Q3   Chair: Very clearly, your perspective is that action could have been taken more swiftly.

Rosalind Bragg: Most definitely.

Q4   Chair: Catherine, would you like to add anything?

Catherine Rayner: Yes, just very briefly. The DLA is a small charity that works to represent those who are at the rough end of discrimination and unlawful treatment. I would just like to underline that the research that has been done is not just on discriminatory treatment but on a large spread of probably unlawful treatment. For a Government to be informed that there are 390,000 women who have suffered possibly unlawful treatment in the workplace, and to do nothing and to make no response for this length of time, is frankly shocking. I echo what has been said. It is not new; we have known about this for a very long time.

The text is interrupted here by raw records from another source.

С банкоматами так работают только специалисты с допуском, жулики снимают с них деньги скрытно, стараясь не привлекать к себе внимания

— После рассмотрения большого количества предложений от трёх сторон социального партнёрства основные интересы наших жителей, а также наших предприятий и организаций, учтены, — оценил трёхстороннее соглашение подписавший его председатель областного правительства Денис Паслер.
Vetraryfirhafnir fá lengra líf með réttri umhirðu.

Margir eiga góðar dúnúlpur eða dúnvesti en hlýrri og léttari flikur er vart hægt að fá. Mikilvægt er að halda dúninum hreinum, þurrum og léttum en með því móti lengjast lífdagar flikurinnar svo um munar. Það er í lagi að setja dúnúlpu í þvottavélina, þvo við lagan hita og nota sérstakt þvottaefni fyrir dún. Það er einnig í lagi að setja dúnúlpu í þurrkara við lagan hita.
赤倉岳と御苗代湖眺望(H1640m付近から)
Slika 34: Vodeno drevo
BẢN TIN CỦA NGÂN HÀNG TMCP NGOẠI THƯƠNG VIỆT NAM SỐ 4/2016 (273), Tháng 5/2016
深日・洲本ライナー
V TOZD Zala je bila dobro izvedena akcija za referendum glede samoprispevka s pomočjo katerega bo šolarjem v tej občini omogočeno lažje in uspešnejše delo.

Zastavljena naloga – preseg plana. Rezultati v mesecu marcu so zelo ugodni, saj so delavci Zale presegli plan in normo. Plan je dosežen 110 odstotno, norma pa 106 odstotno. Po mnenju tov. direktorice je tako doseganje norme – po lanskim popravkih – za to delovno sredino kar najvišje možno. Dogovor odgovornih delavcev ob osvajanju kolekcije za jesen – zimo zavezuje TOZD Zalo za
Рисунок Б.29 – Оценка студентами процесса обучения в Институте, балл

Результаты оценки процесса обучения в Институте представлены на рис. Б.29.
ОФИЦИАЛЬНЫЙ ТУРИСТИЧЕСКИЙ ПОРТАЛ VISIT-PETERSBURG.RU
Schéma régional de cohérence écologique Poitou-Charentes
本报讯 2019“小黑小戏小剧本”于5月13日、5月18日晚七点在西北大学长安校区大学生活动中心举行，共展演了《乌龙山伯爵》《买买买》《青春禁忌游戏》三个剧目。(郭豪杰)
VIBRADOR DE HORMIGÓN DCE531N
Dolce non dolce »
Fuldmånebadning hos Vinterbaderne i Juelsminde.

The research simply underlines what has been known and said by many organisations for a very long time. Action is needed, and it is needed quickly.

Q5   Jess Phillips: From the research, I find the 77% number absolutely devastating. What I would say regarding the report that we have quickly looked at this morning is that there are some positives but mostly negatives. What would you think are the most worrying findings from the report? Are there any positives?

Catherine Rayner: Speaking from the point of view of the rights of pregnant women and women on maternity leave, the most concerning matter for us is the attitude of some employers. It is hugely encouraging that a vast number of employers are saying that they support and understand the rights of pregnant women in the workplace. It is extremely worrying that, after 30 or 40 years of these rights being on the statute book, there are still employers who think that it is unreasonable for pregnant women to want to be protected in the workplace and who fail to understand some of the most basic and fundamental rights.

There is a very clear need for two things to happen. The first is leadership from Government. This perhaps comes as no surprise to you, speaking from the point of view of a lawyer: there must be much better enforcement mechanisms through the courts for women who are the victims of discrimination and unlawful treatment. At the end of the day, that is the only way that they are going to be able to enforce their rights and gain some level of compensation for poor treatment.

Q6   Jess Phillips:  I suppose as experts in the field you will all have your own experiences. Do you feel that the findings of the report reflect what is going on? You are singing to the choir, but did you already know all of that? Is there anything that you think it has missed?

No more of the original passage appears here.